▸ **To do**: Output the data in full. Keep every word exact and exclude the pictures.

▸ **Data supplied**:
........
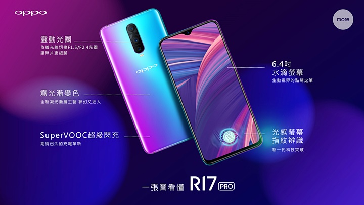 OPPO 在 R17、R17 PRO 開賣前先公布售價並推出預購活動,R17 售價 15,990 元,今日 18:00 開放預購,R17 Pro 售價 19,990 元,預計 11 月上市開賣。
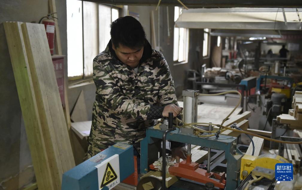 11月22日,工人在滑縣半坡店古典傢具特色小鎮內一家企業的生産車間內加工木料。
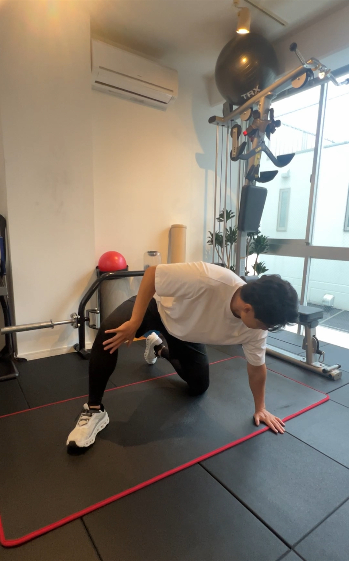 手で膝を外側へ押しなから上半身を反対側へ捻る
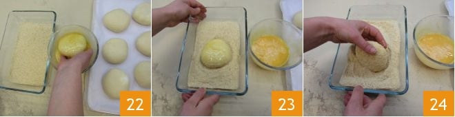 Tauchen Sie Ihre Iris nun vorsichtig zuerst in die leicht geschlagenen Eier 22 und dann in die Semmelbrösel (23-24).
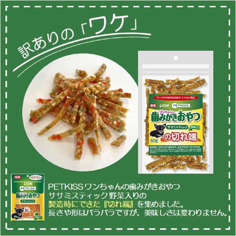 | アウトレット理由 | PETKISS ワンちゃんの歯みがきおやつ ササミスティック 野菜入りの製造時にできた『切れ端』のためお手頃価格となっております |
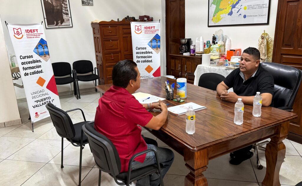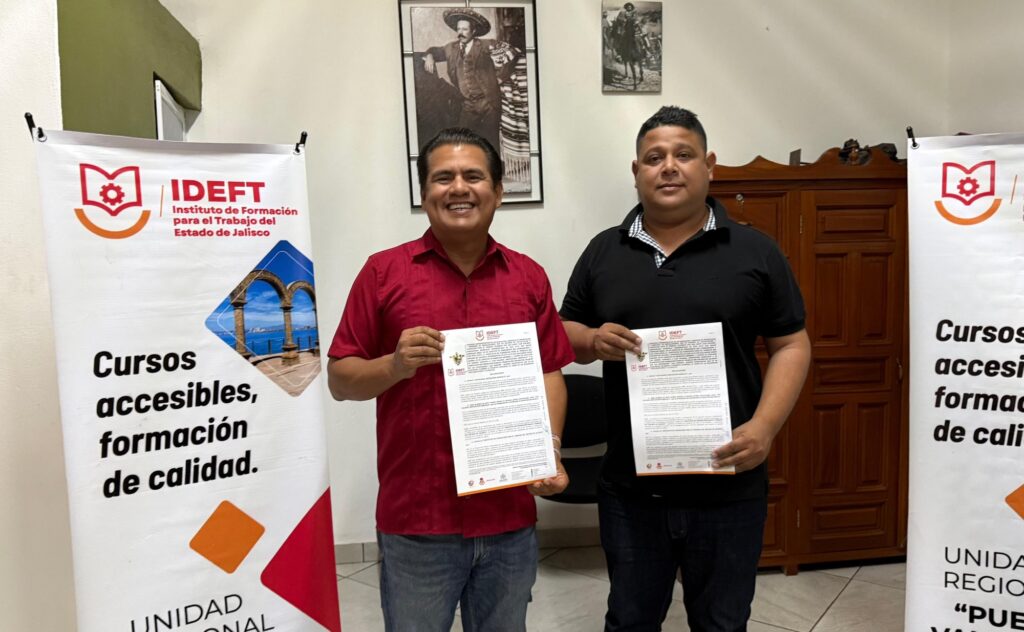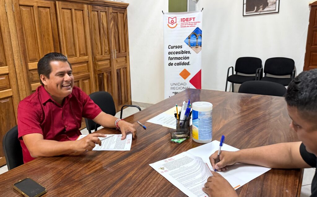 En la Casa Ejidal de Las Palmas, la semana pasada se llevó a cabo la firma del Convenio de Colaboración entre el Instituto de Formación para el Trabajo del Estado de Jalisco (IDEFT) y la Asociación Agrícola Las Palmas, a través de la Unidad Regional Puerto Vallarta dirigida por el Lic. Francisco Javier Bravo Carbajal, en un encuentro de trabajo sostenido con el Presidente del Ejido Las Palmas, David Morales Meza.
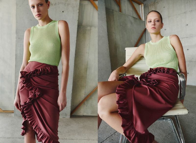 En la firma perteneciente al grupo de El Corte Inglés nos encontramos con propuestas para todos los gustos y necesidades, tanto para quienes buscan looks más modernos como para quienes prefieren algo más clásico. Entre sus novedades se encuentra su top cuello caja, que se vende en color verde pastel y en azul klein.
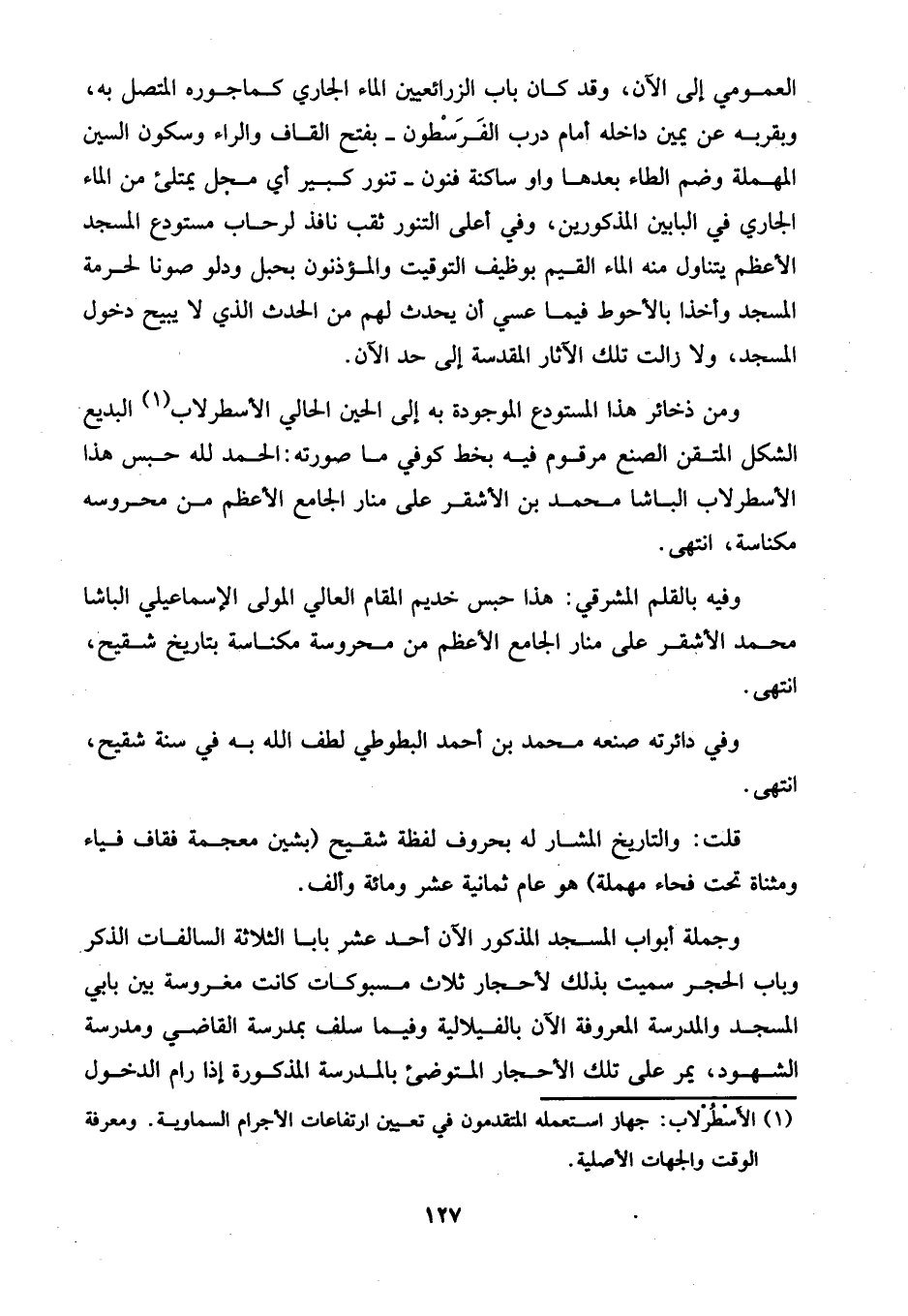 ومن ذخائر هذا المستودع الموجودة به إلى الحين الحالي الأسطرلاب (¬1) البديع الشكل المتقن الصنع مرقوم فيه بخط كوفي ما صورته: الحمد لله حبس هذا الأسطرلاب الباشا محمد بن الأشقر على منار الجامع الأعظم من محروسه مكناسة، انتهى.
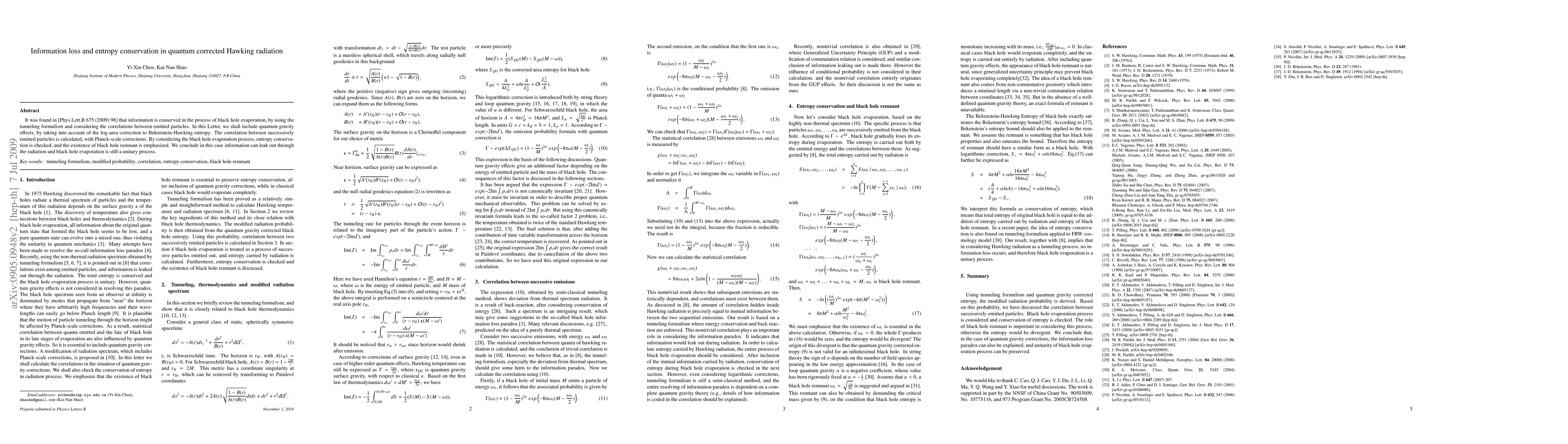 This paper examines quantum gravity corrections to Hawking radiation, showing that information conservation holds during black hole evaporation through tunneling formalism and correlations between emitted particles. It concludes that entropy conservation and information leakage are consistent with a unitary evaporation process.
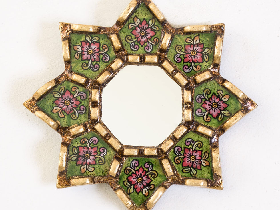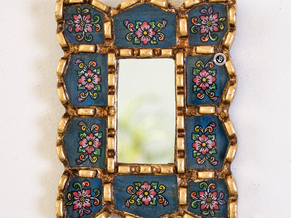 Made in Peru. Frame covered with bronze leaf accents Style: Peruvian Reverse Hand-painted Glass Materials: Mohena Wood, MDF, Glass, Bronze leaf and mirror. Ready to Hang!
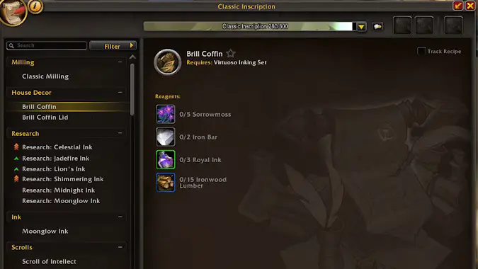 Rather than introducing a whole new profession dedicated to making furniture (sorry, folks who were desperately hoping they’d be able to take Woodworking), all non-gathering primary professions will be able to produce decor. As part of that whole “honoring the past thing,” there’s another level to this: all expansion tiers of professions will be producing furniture exclusive to that expansion, uniquely made with reagents from that expansion (including a new one!) The example shown off is Classic Inscription being able to make Brill Coffins, requiring materials we’re familiar with — Sorrowmoss, Iron Bars, and Royal Ink — as well as a new one, Ironwood Lumber. I suspect these new reagents will be where gathering professions get in on the housing market!
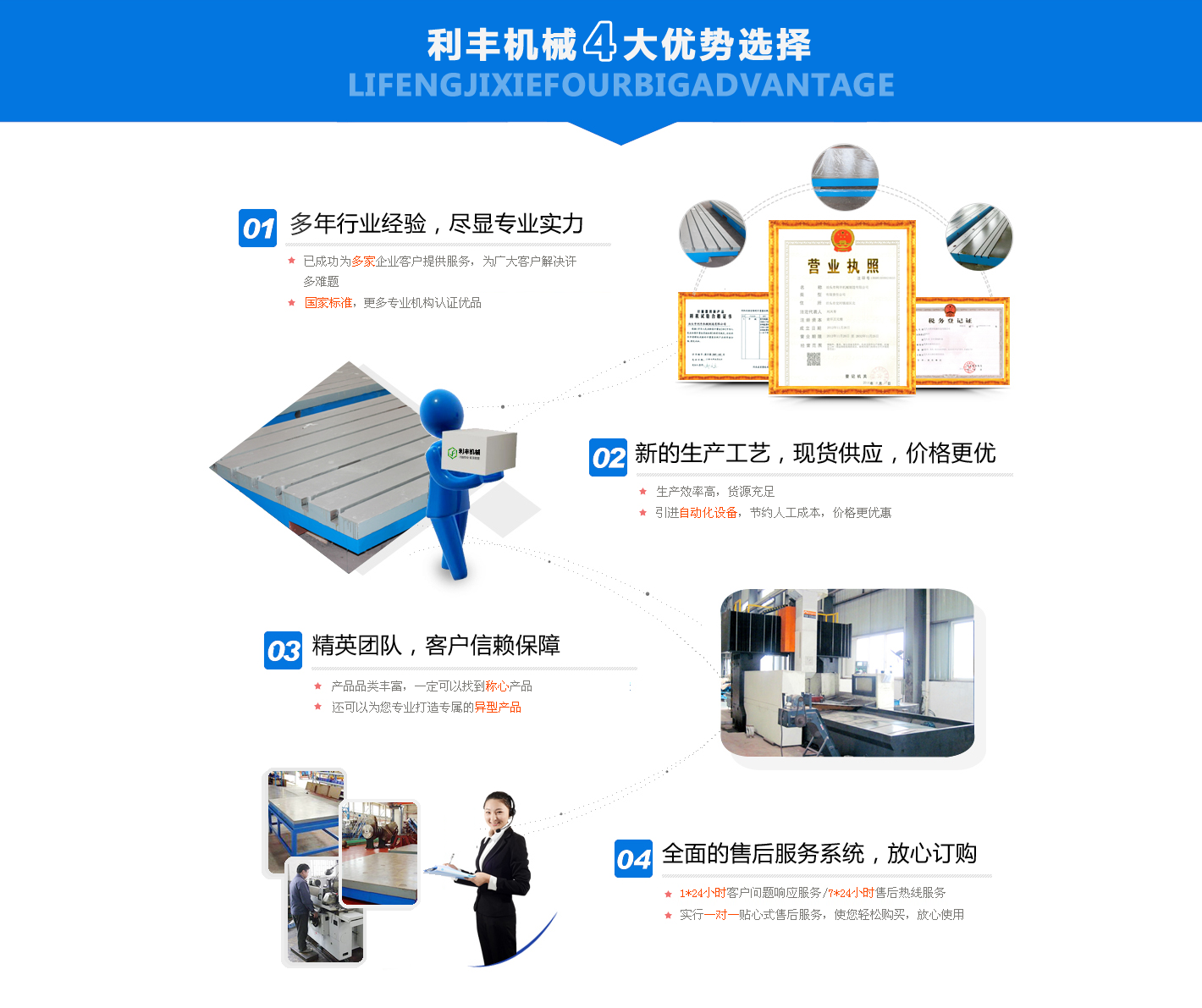 泊頭市利豐機械制造有限公司是生產工具,量具的單位,地處河北省泊頭市。我公司生產的鑄鐵平板、鑄鐵劃線平臺、機床鑄件、大理石量具等量具,具有設計合理、結構穩(wěn)定、使用壽命長等特點,廣泛用于機械加工、工具車間、裝配車間、機(檢)修車間、計量室及精密加工的檢驗、測量和研究。熱忱歡迎_兄弟廠家朋友前來我公司參觀考察合作,在互惠互利的基礎上,攜手共進,共圖發(fā)展。
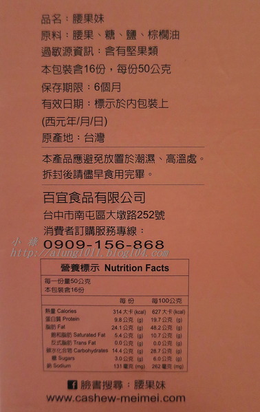 腰果妹1箱$600+運費$100(16盒裝/每盒50克)。
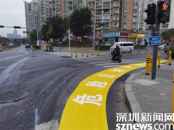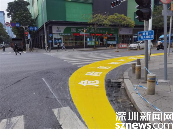 目前,羅湖轄區(qū)16個(gè)右轉(zhuǎn)彎危險(xiǎn)區(qū)警示帶試點(diǎn)設(shè)置工作已初步完成,警示帶的視覺(jué)效果清晰醒目,既能夠直觀地警示行人及非機(jī)動(dòng)車禁止進(jìn)入機(jī)動(dòng)車道等待紅綠燈,又能提醒右轉(zhuǎn)彎車輛在保證安全的前提下“轉(zhuǎn)大彎”,從而起到提升行人、非機(jī)動(dòng)車、大型車輛駕駛員危險(xiǎn)意識(shí)的作用。
........
▸ **Expected answer**:
 OPPO 在 R17、R17 PRO 開賣前先公布售價並推出預購活動,R17 售價 15,990 元,今日 18:00 開放預購,R17 Pro 售價 19,990 元,預計 11 月上市開賣。
 11月22日,工人在滑縣半坡店古典傢具特色小鎮內一家企業的生産車間內加工木料。
 手で膝を外側へ押しなから上半身を反対側へ捻る
 Tauchen Sie Ihre Iris nun vorsichtig zuerst in die leicht geschlagenen Eier 22 und dann in die Semmelbrösel (23-24).
 | アウトレット理由 | PETKISS ワンちゃんの歯みがきおやつ ササミスティック 野菜入りの製造時にできた『切れ端』のためお手頃価格となっております |
 En la Casa Ejidal de Las Palmas, la semana pasada se llevó a cabo la firma del Convenio de Colaboración entre el Instituto de Formación para el Trabajo del Estado de Jalisco (IDEFT) y la Asociación Agrícola Las Palmas, a través de la Unidad Regional Puerto Vallarta dirigida por el Lic. Francisco Javier Bravo Carbajal, en un encuentro de trabajo sostenido con el Presidente del Ejido Las Palmas, David Morales Meza.
 En la firma perteneciente al grupo de El Corte Inglés nos encontramos con propuestas para todos los gustos y necesidades, tanto para quienes buscan looks más modernos como para quienes prefieren algo más clásico. Entre sus novedades se encuentra su top cuello caja, que se vende en color verde pastel y en azul klein.
 ومن ذخائر هذا المستودع الموجودة به إلى الحين الحالي الأسطرلاب (¬1) البديع الشكل المتقن الصنع مرقوم فيه بخط كوفي ما صورته: الحمد لله حبس هذا الأسطرلاب الباشا محمد بن الأشقر على منار الجامع الأعظم من محروسه مكناسة، انتهى.
 This paper examines quantum gravity corrections to Hawking radiation, showing that information conservation holds during black hole evaporation through tunneling formalism and correlations between emitted particles. It concludes that entropy conservation and information leakage are consistent with a unitary evaporation process.
 Made in Peru. Frame covered with bronze leaf accents Style: Peruvian Reverse Hand-painted Glass Materials: Mohena Wood, MDF, Glass, Bronze leaf and mirror. Ready to Hang!
 Rather than introducing a whole new profession dedicated to making furniture (sorry, folks who were desperately hoping they’d be able to take Woodworking), all non-gathering primary professions will be able to produce decor. As part of that whole “honoring the past thing,” there’s another level to this: all expansion tiers of professions will be producing furniture exclusive to that expansion, uniquely made with reagents from that expansion (including a new one!) The example shown off is Classic Inscription being able to make Brill Coffins, requiring materials we’re familiar with — Sorrowmoss, Iron Bars, and Royal Ink — as well as a new one, Ironwood Lumber. I suspect these new reagents will be where gathering professions get in on the housing market!
 泊頭市利豐機械制造有限公司是生產工具,量具的單位,地處河北省泊頭市。我公司生產的鑄鐵平板、鑄鐵劃線平臺、機床鑄件、大理石量具等量具,具有設計合理、結構穩(wěn)定、使用壽命長等特點,廣泛用于機械加工、工具車間、裝配車間、機(檢)修車間、計量室及精密加工的檢驗、測量和研究。熱忱歡迎_兄弟廠家朋友前來我公司參觀考察合作,在互惠互利的基礎上,攜手共進,共圖發(fā)展。
 腰果妹1箱$600+運費$100(16盒裝/每盒50克)。
 目前,羅湖轄區(qū)16個(gè)右轉(zhuǎn)彎危險(xiǎn)區(qū)警示帶試點(diǎn)設(shè)置工作已初步完成,警示帶的視覺(jué)效果清晰醒目,既能夠直觀地警示行人及非機(jī)動(dòng)車禁止進(jìn)入機(jī)動(dòng)車道等待紅綠燈,又能提醒右轉(zhuǎn)彎車輛在保證安全的前提下“轉(zhuǎn)大彎”,從而起到提升行人、非機(jī)動(dòng)車、大型車輛駕駛員危險(xiǎn)意識(shí)的作用。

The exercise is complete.